Don’t know if a captcha is more trouble than you’d like to bother with, though. Plus, I’m sure you have a much larger readership than I do, so you may be targetted more frequently by spammers.

said on 20 Jan 2005 at 05:03

.. I’d like to couple it with a technique for approving links ..

Is this where the Bayesian Classifier you mentionned before could help ?

said on 20 Jan 2005 at 14:37

There was an interesting outlook on nofollow in a kuro5hin article recently.

said on 20 Jan 2005 at 15:42

Well, it’s like the guy on kuro5hin said, the nofollow stuff only kills the spammers who want PageRank.
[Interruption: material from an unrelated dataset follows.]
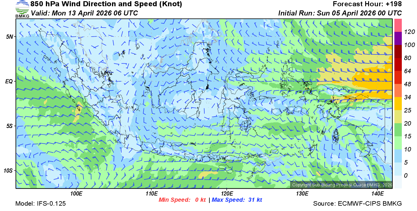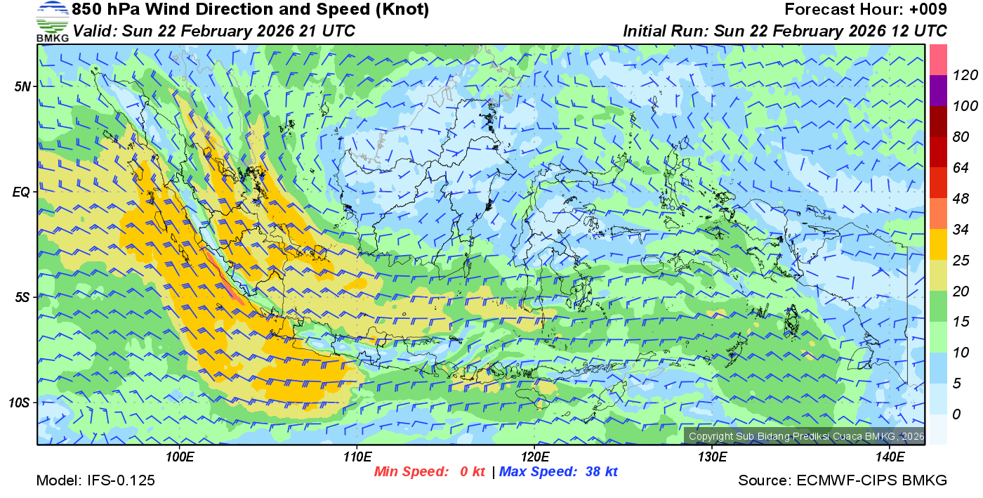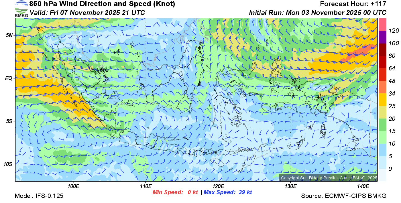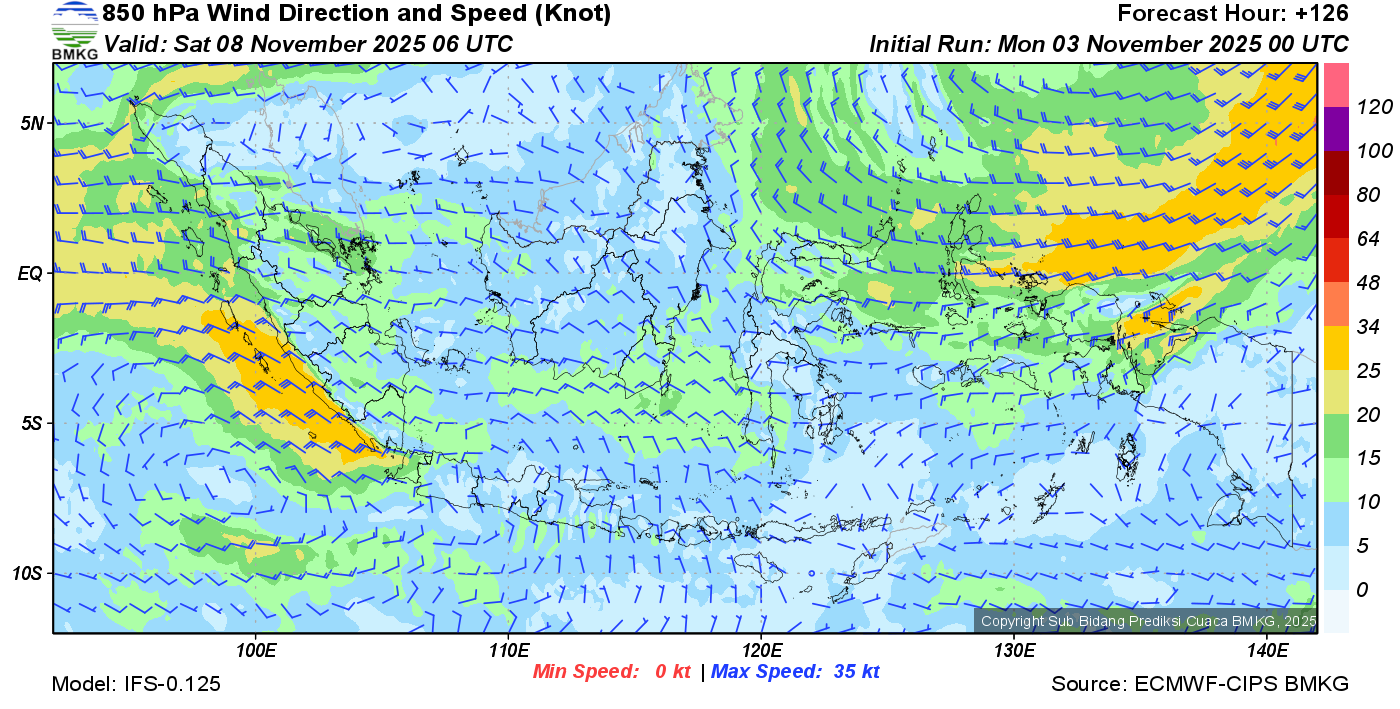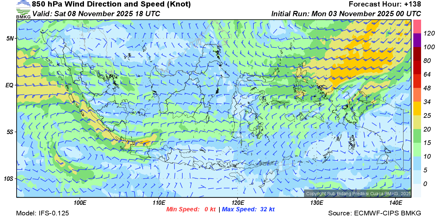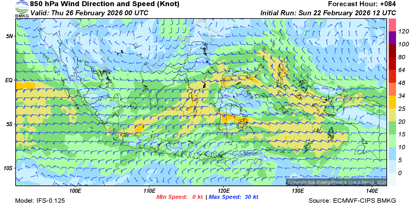 Prakiraan Angin Lapisan 850 Gunung Awu
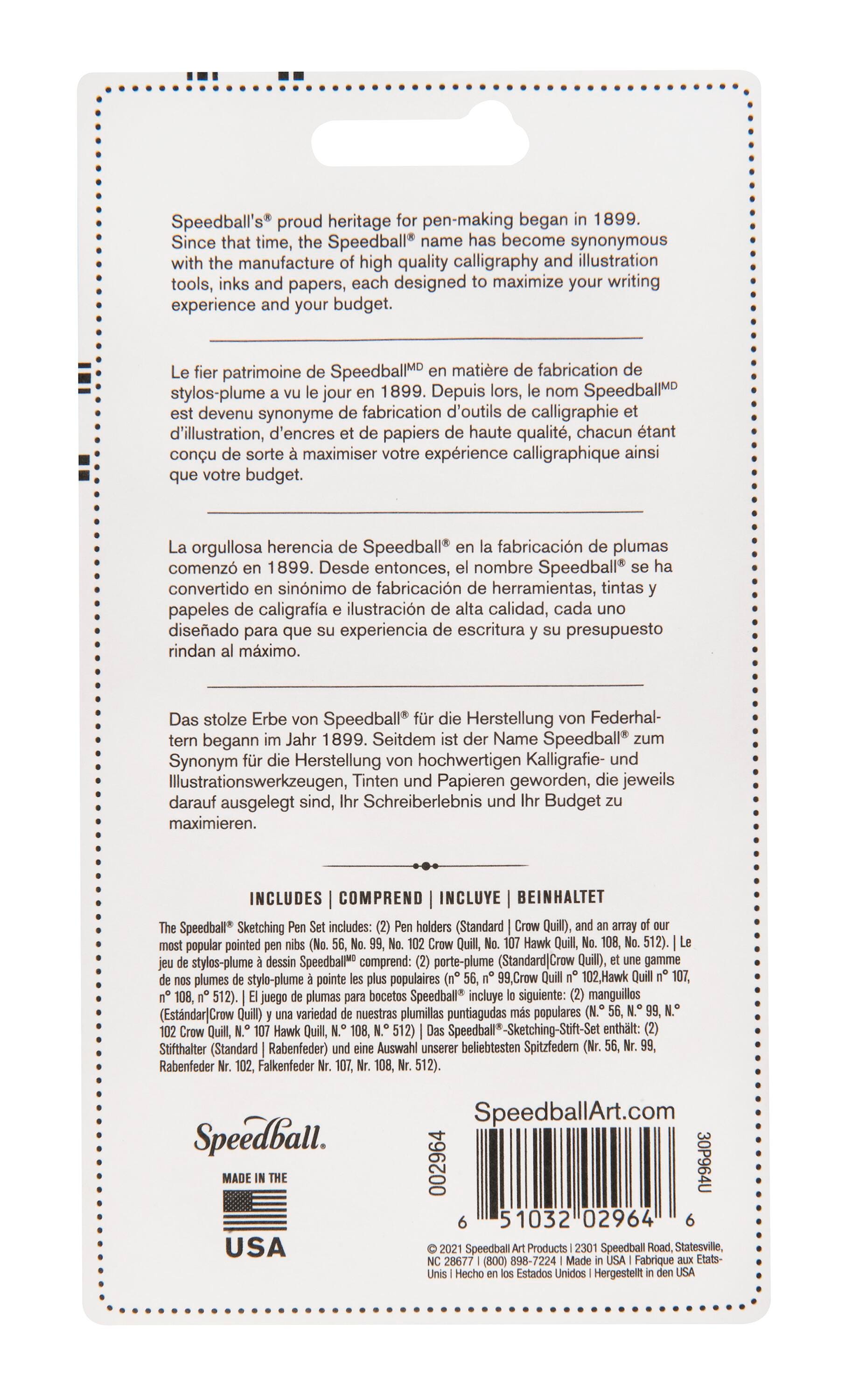 Speedball Sketching Set perfect for drawing, sketching, lithography, lettering and crosshatching contains 2 penholders and 5 pens. Speedball penholder is designed for school pen/56, drawing pen/99, bowl-point pen/512 and crow quill penholder is designed for crow quill pen/102 and hawk quill pen/107. Sold per set.Features

That’s why I’m saying, I’d probably have a process where:

  1. User places a comment, the links are tagged with nofollow.
  2. Should the comment fail a bayesian filter, the comment is not allowed.
  3. RedHanded maintainers get a periodic e-mail (or watch an RSS feed) with a list of unapproved comments.
  4. Comment spam is scanned and added to the filter’s word list, then deleted.
  5. Approved comments appear with links free of nofollow.

The approval process would be very simple. A page with the unapproved comments listed. Check a box if it’s spam. Submit the page and the comments are all processed based on the checkbox states.

said on 21 Jan 2005 at 02:09

Should the comment fail a bayesian filter,

You gave me the idea to work (for my pleasure) on a bayesian filter .. I’m not sure it will be as powerfull as already existing versions (in other languages though), but it’s very interesting to work on this kind of problem ;) Thnaks for this _why :)

said on 21 Jan 2005 at 11:07

How about bsfilter? This is targeted at mails, though.

said on 21 Jan 2005 at 11:44

I wasn’t aware of bsfilter … I will have a look at it … In fact as it’s just a kind of ‘toy project’ for me, it can be interesting to see other real project implementations !

Comments are closed for this entry.